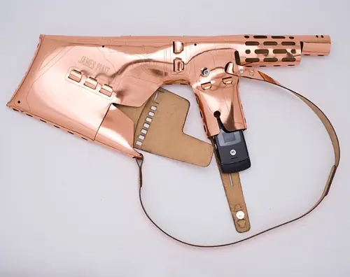 The Pursuader es un bolso, del diseñador James Piatt, con forma de rifle automático. Está fabricado en piel y casi a tamaño real, ya que mide algo más de medio metro de largo, lo que hace de él un bolso bastante incómodo de llevar.
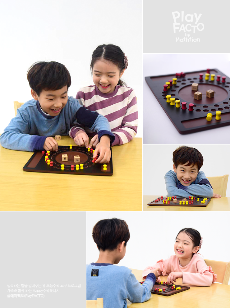 2 | Five Dice (파이브 다이스) 자세히보기(클릭!) | 5세 이상 | 주어진 수를 가능한 한 많이 사용하여 덧셈, 뺄셈으로 목표수를 만드는 연산 보드게임입니다. 주사위를 굴려 나온 5개의 수를 되도록 많이 사용하여 목표수를 만들기 위해 덧셈과 뺄셈을 계산해 보는 과정에서 시행착오를 경험하며 자연스럽게 연산 감각을 기르고 전략적으로 생각하는 힘을 키울 수 있습니다. |
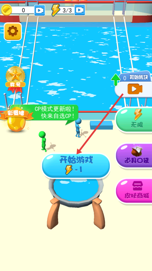 1、看到【CP模式更新啦!快来自选CP!】提示,点击蓝色【开始游戏】按钮,进入游戏。
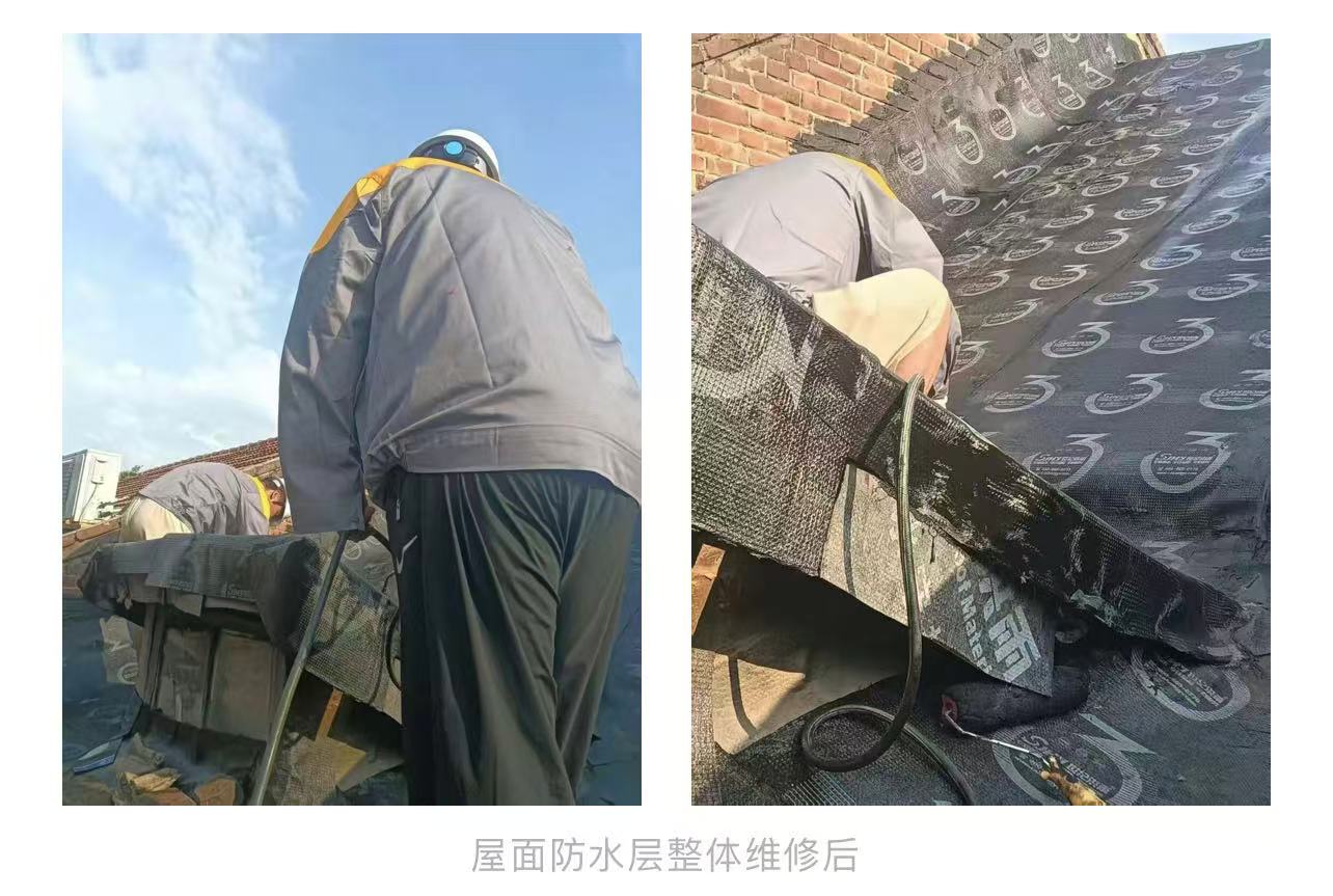 为了彻底解决渗漏问题,洪雨安居卫士制定了精准维修方案:拆除原有老化防水层后,重新铺设SBS改性沥青防水卷材,并增加卷材在立面上的上返高度,同时对屋面阴阳角、管道根部等易渗漏的特殊部位进行复加防水处理,从根源上阻断渗水路径。
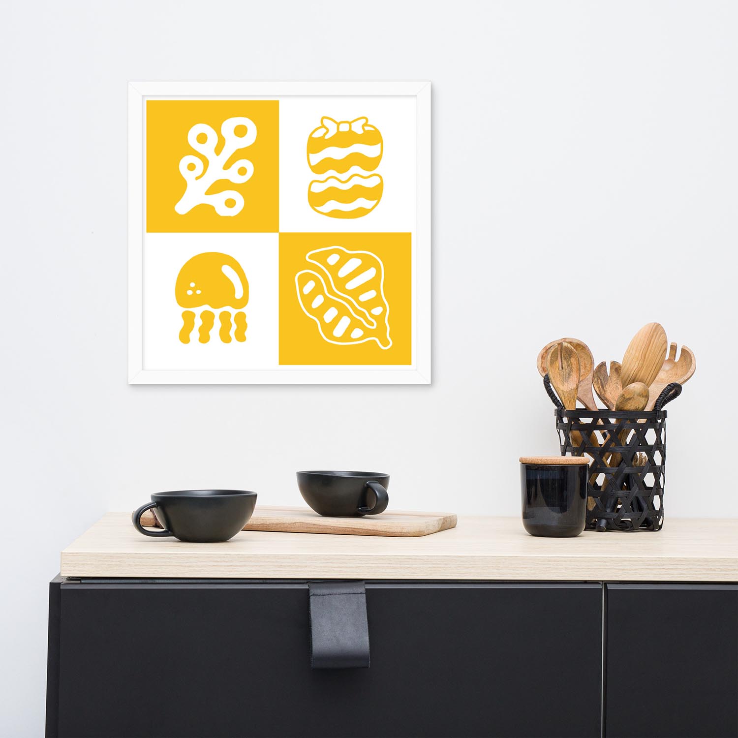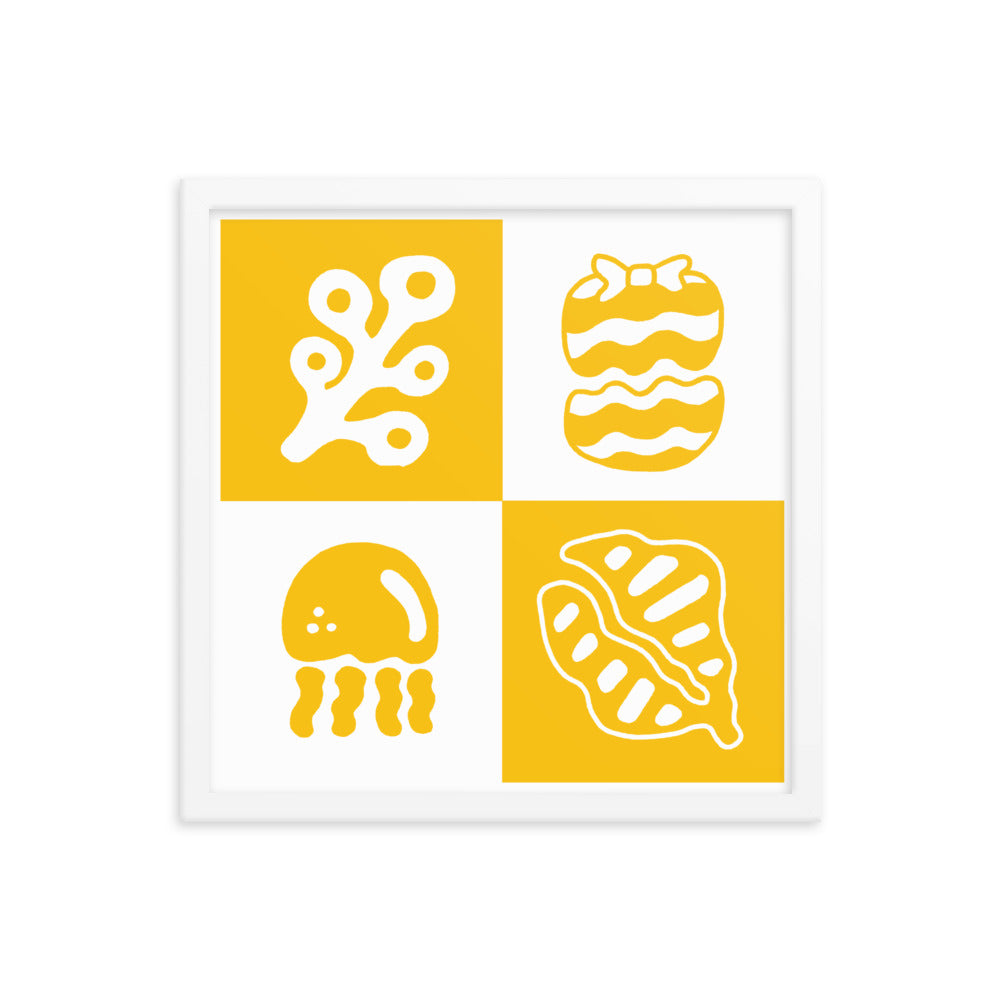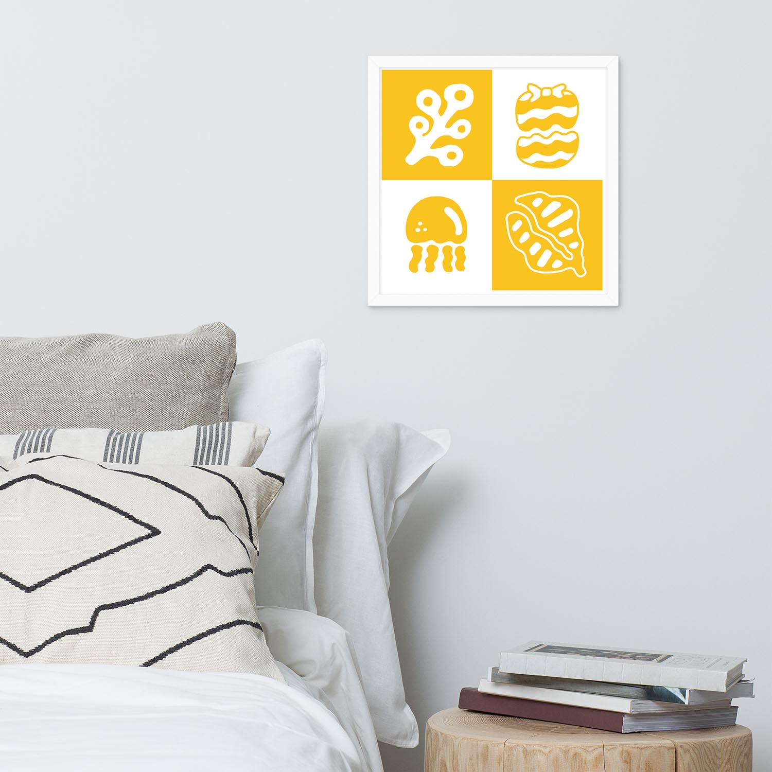 - Framed under clear plexiglass with a white PVC frame. Sawtooth hanger included.
☆ ☆ ☆ ☆
▸ **Directions**: All lines from the one containing "为了彻底解决渗漏问题,洪雨安" through the end of the data are to be written out exactly, with nothing added; skip the pictures.

▸ **Written answer**:
 为了彻底解决渗漏问题,洪雨安居卫士制定了精准维修方案:拆除原有老化防水层后,重新铺设SBS改性沥青防水卷材,并增加卷材在立面上的上返高度,同时对屋面阴阳角、管道根部等易渗漏的特殊部位进行复加防水处理,从根源上阻断渗水路径。
 - Framed under clear plexiglass with a white PVC frame. Sawtooth hanger included.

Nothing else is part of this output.